→ **EXERCISE BRIEF**
Please return only the lines between the line with "Die Tierkörper auf" and the final line of the entries, both included, and exclude pictures.

→ **EXTRACTED ENTRIES**
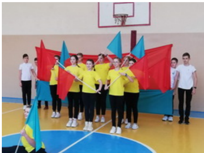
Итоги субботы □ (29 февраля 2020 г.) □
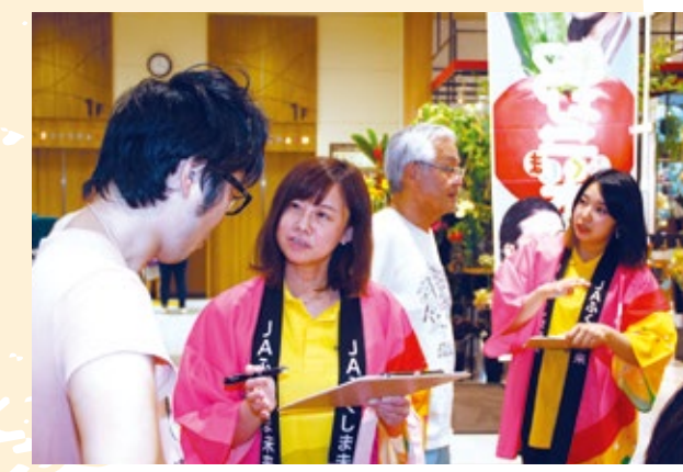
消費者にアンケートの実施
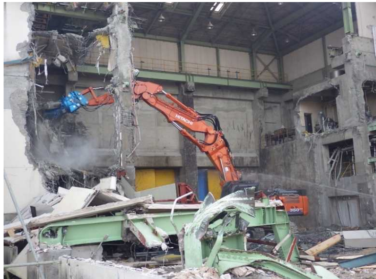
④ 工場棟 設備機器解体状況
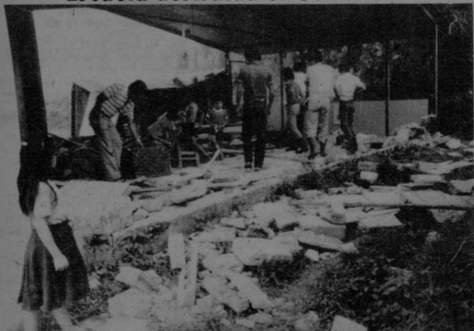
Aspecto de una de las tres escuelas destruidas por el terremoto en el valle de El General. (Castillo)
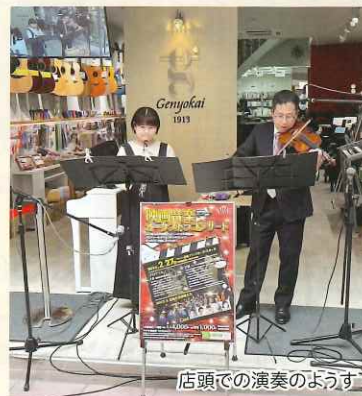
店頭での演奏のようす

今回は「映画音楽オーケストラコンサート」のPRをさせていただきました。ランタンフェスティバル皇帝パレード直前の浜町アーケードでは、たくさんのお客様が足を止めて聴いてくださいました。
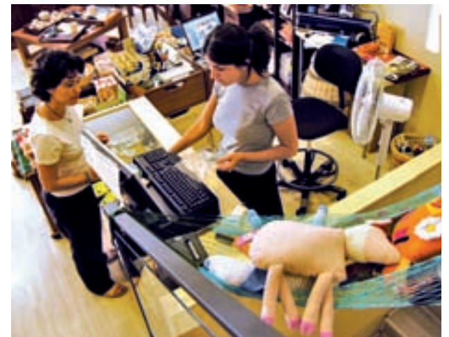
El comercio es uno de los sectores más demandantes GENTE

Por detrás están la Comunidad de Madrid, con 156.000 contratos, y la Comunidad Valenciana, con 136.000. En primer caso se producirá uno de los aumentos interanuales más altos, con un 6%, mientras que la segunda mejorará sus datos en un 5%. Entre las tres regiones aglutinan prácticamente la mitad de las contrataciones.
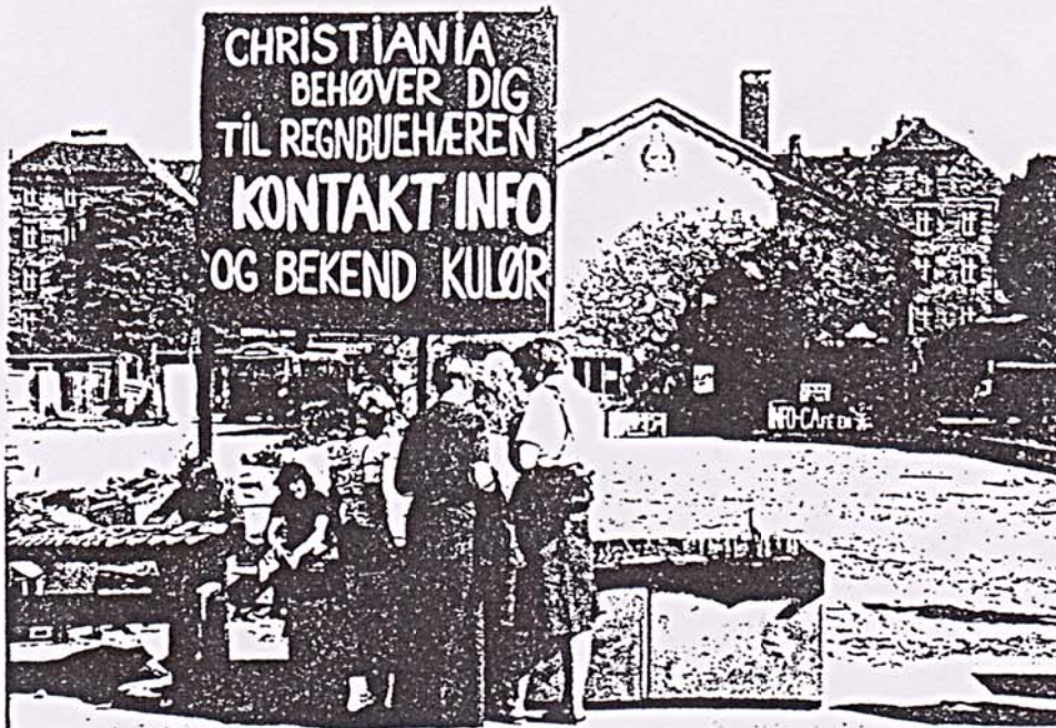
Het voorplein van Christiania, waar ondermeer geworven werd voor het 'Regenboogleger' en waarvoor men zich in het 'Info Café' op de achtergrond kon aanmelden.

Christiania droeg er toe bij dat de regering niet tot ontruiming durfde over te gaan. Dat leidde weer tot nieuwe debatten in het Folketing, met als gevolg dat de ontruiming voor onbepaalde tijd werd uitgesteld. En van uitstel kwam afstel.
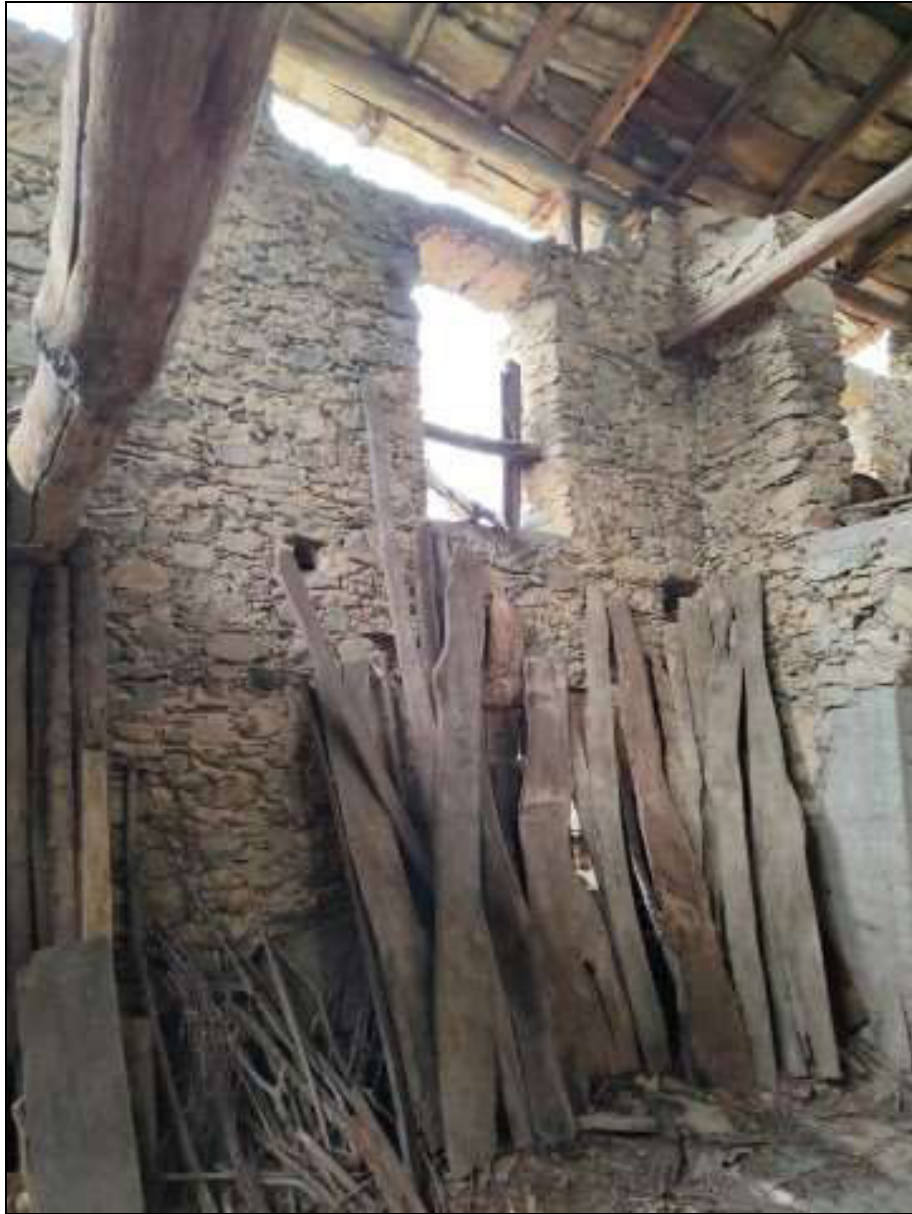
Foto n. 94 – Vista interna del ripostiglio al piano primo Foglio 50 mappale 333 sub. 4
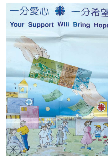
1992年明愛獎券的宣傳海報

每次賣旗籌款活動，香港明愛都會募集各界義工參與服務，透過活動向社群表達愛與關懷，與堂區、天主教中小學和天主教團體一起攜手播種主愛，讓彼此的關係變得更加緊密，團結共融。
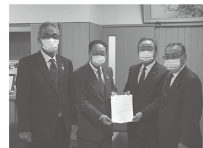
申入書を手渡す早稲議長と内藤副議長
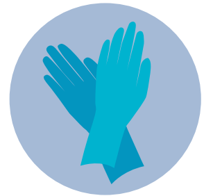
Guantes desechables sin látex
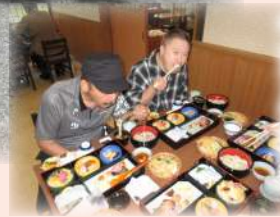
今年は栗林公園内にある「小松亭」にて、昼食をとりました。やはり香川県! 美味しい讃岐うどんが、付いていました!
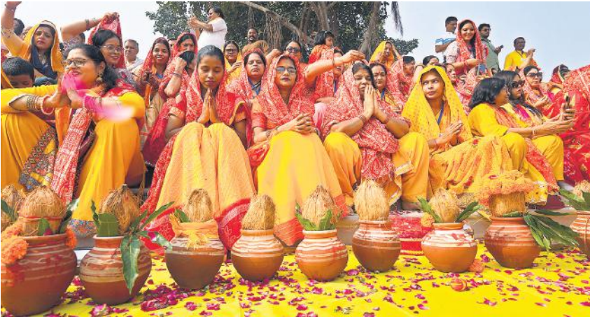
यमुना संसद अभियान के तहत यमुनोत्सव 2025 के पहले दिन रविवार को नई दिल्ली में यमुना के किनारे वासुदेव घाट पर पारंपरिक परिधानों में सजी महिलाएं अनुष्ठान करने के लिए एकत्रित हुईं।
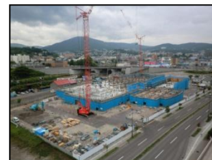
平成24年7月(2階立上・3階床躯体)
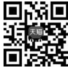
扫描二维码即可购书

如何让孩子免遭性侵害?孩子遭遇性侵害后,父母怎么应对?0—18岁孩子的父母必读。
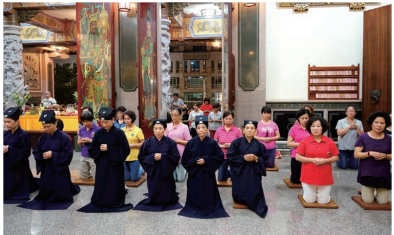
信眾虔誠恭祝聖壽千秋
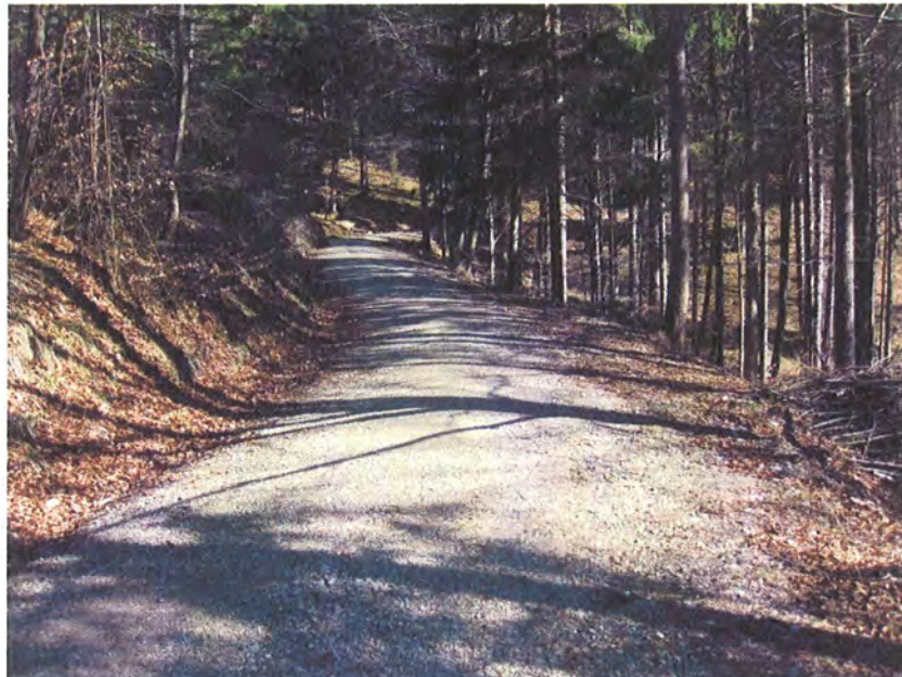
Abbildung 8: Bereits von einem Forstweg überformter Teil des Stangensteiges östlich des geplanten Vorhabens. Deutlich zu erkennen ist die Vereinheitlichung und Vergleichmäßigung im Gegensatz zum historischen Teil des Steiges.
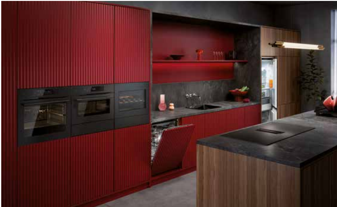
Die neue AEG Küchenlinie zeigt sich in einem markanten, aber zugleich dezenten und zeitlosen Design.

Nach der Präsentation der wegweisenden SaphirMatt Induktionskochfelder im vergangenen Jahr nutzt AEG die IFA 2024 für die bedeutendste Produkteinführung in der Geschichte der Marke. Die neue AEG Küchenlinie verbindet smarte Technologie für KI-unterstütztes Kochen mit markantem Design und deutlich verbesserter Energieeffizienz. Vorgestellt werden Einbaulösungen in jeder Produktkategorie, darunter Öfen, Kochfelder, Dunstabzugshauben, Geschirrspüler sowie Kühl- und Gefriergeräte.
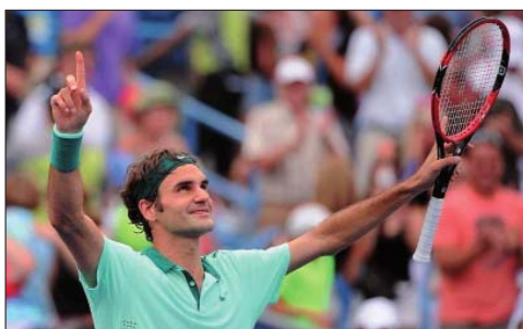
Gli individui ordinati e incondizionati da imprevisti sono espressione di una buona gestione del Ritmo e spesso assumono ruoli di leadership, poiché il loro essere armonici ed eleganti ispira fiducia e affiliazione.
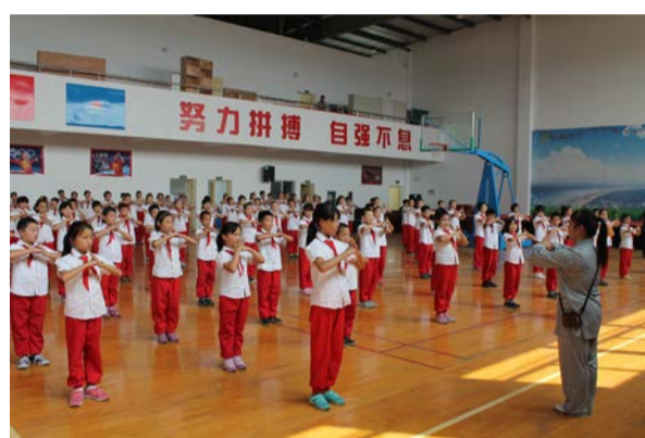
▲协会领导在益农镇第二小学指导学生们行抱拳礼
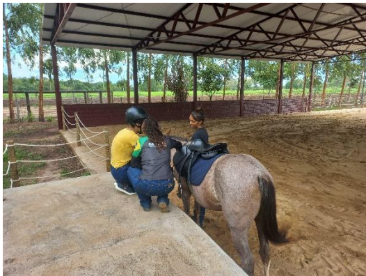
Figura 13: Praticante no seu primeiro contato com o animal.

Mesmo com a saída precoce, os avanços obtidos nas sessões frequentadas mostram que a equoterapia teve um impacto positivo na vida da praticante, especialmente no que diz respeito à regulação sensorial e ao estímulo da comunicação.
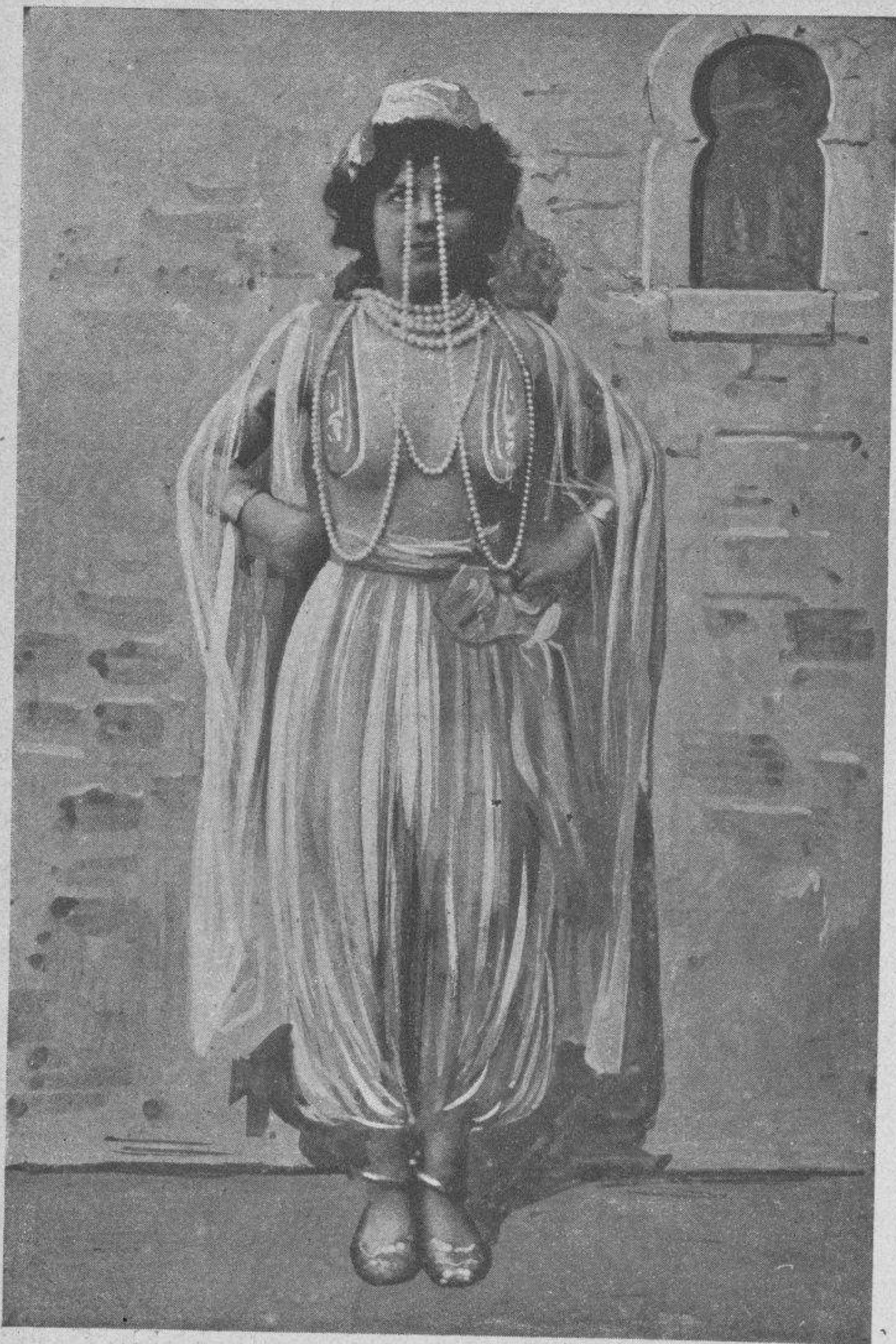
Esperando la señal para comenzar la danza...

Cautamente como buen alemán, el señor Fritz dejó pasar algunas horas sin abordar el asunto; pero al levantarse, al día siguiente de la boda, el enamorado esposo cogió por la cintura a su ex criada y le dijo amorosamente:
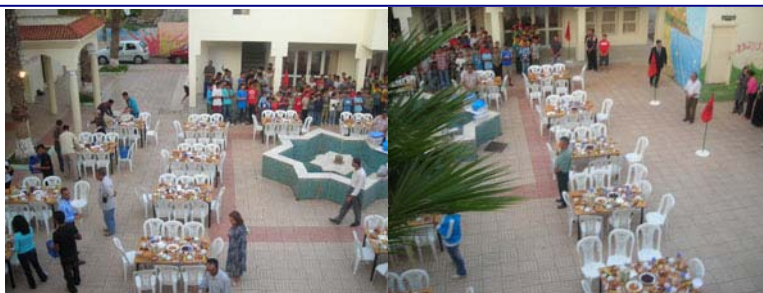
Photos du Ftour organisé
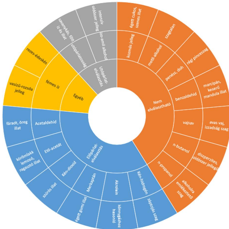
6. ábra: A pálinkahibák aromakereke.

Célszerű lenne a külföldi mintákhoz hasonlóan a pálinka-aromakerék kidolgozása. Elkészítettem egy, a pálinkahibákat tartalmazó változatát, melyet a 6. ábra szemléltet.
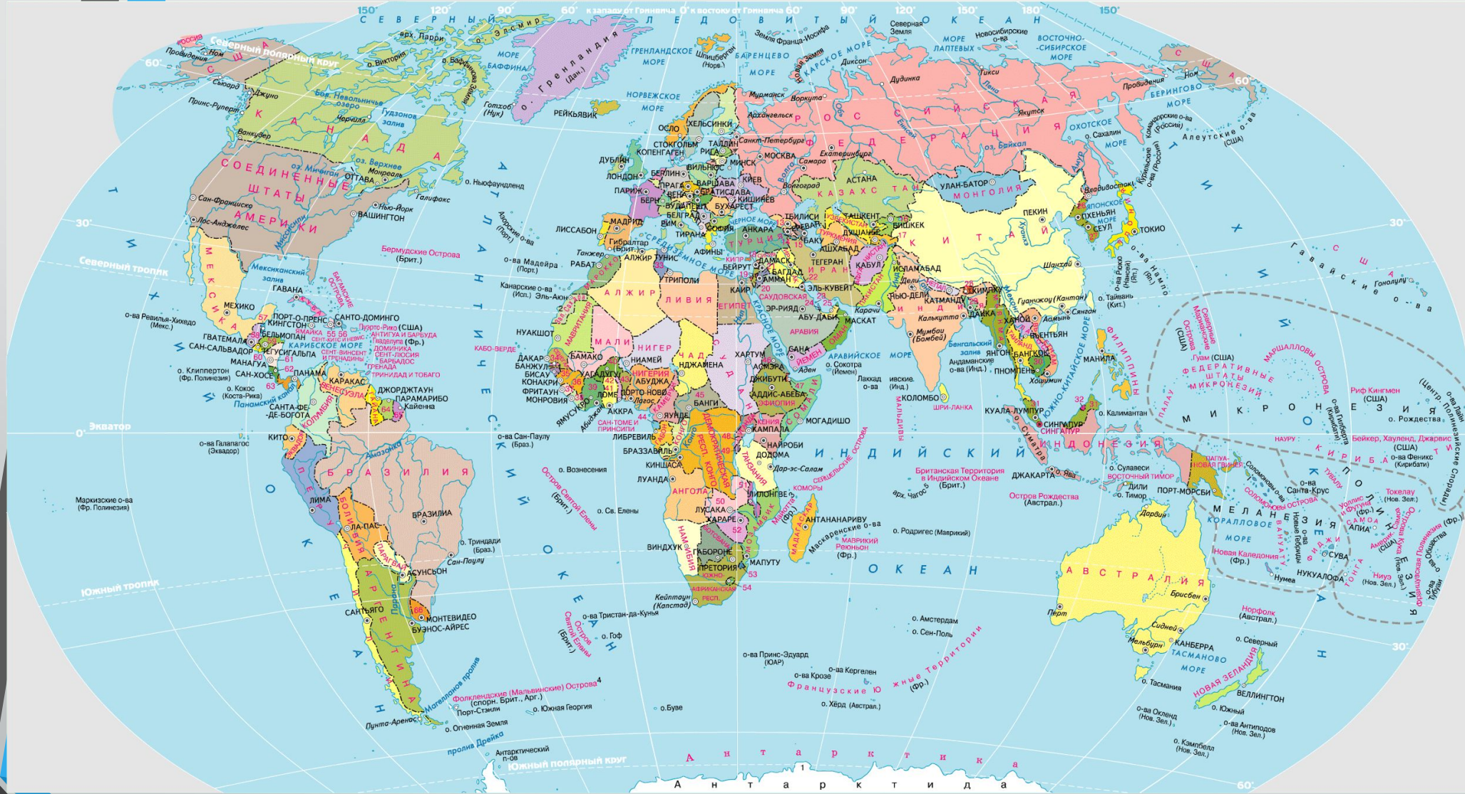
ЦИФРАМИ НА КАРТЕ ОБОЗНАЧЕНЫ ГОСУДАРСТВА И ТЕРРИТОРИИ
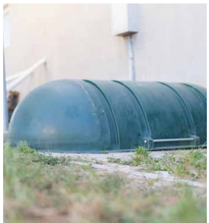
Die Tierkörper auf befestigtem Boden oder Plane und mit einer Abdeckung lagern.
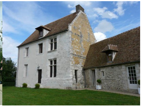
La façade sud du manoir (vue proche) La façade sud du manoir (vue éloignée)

→ **OUTPUT FOR THIS TASK**
Die Tierkörper auf befestigtem Boden oder Plane und mit einer Abdeckung lagern.
La façade sud du manoir (vue proche) La façade sud du manoir (vue éloignée)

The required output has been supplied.